Hell's Gate

Then he turned to the mother and her child, a boy of perhaps four. “And these two—” He moved in closer, squatting beside them. The woman shifted her position, shielding the loose-limbed figure from the glare of Wolff’s flashlight, but not before he had glimpsed the boy’s eyes—alive but blank and unfocused.

Without warning, the child began shaking uncontrollably, his small body stiffening in his mother’s arms. At the sound of a wet cough, Wolff took a reflexive step backward just as the boy vomited a mouthful of blood across his mother’s back and onto the floor. Another low moan escaped from the woman as the child completed its transformation into a bloody rag doll in her arms.

The colonel was fascinated.

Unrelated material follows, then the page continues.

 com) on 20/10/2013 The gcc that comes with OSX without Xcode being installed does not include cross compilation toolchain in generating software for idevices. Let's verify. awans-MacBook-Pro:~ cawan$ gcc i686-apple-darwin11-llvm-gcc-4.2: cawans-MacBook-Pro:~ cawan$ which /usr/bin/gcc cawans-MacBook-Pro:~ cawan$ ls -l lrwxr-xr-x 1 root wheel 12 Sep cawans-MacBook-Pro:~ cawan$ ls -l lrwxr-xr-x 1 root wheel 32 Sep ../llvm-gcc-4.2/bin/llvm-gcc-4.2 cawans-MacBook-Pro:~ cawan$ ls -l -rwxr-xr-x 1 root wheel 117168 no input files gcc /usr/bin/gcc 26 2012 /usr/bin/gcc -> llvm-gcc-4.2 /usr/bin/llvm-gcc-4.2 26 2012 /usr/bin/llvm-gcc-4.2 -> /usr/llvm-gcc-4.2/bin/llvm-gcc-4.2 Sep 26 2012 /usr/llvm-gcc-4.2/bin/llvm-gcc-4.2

This is exactly how my men died.

“Don’t disturb these specimens,” he said, never taking his eyes off the dying child. “Corporal Kessler, bring some body bags from the lab. I want this boy bagged and on Dr. Kimura’s examination table in fifteen minutes.”

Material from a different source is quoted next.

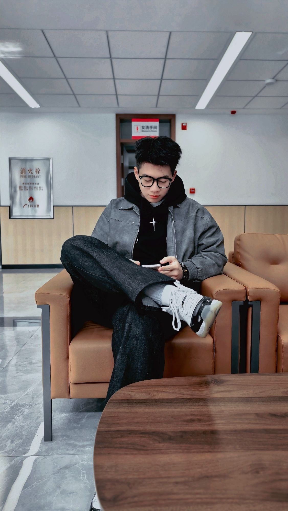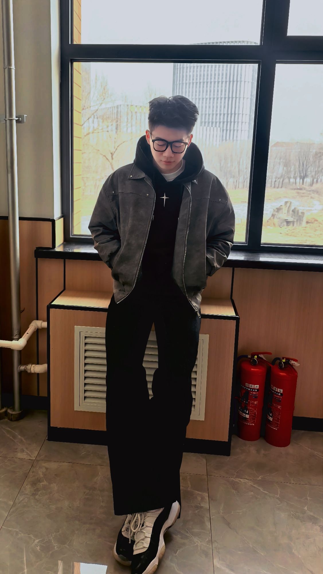 一件黑灰皮衣夹克,内搭黑卫衣,下身配牛仔裤,简单干净,痞帅感拿捏得刚刚好, 不用费心搭配,套上就走的帅气,硬挺版型显肩宽,随性又有型,男生穿真的很加分。

Corporal Kessler gave Wolff a puzzled look, “Sir, but he’s still—”

“Now, Corporal!” the colonel shouted. It was the first time any of them had heard Wolff raise his voice.

Kessler bolted from the hut, careful to avoid tripping over the cans that lay scattered in the blood.


From their perch on the hillside, the twins tracked the chaotic comings and goings of the bipeds. Four of them were now half-stumbling down the steep incline, burdened by their weapons and by the weight of a prize the bats had earned.

FOOD, the female signaled with the ultrasonic equivalent of a human sigh. She could still taste it, though most of the liquid was currently soaking into the ground. And if they waited much longer—

The four bipeds struggled past the trees where the twins hung in silence. The siblings could smell it—even through the thick material that covered their prey. The smallest meal was still alive, and they could feel the lingering liquid heat and the turbulence as the food drained out of him and sloshed inside the membrane in which the intruders had wrapped him.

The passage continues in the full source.